Input data:
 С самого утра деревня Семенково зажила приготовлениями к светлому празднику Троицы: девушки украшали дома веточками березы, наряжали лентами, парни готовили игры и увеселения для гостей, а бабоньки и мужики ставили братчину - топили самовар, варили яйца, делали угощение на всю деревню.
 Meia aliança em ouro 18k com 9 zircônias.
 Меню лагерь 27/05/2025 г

--

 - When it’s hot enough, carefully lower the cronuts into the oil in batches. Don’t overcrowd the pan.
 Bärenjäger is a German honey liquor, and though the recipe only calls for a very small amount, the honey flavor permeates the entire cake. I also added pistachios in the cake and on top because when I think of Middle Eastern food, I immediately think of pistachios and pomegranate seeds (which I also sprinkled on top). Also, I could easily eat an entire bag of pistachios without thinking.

About this task: Could you reproduce, exactly, every line above from the line with "Meia aliança em ouro 18k com 9 zircônias." to the line with "Меню лагерь 27/05/2025 г", and no other line? Both ends count.

Answer to this exercise:
 Meia aliança em ouro 18k com 9 zircônias.
 Меню лагерь 27/05/2025 г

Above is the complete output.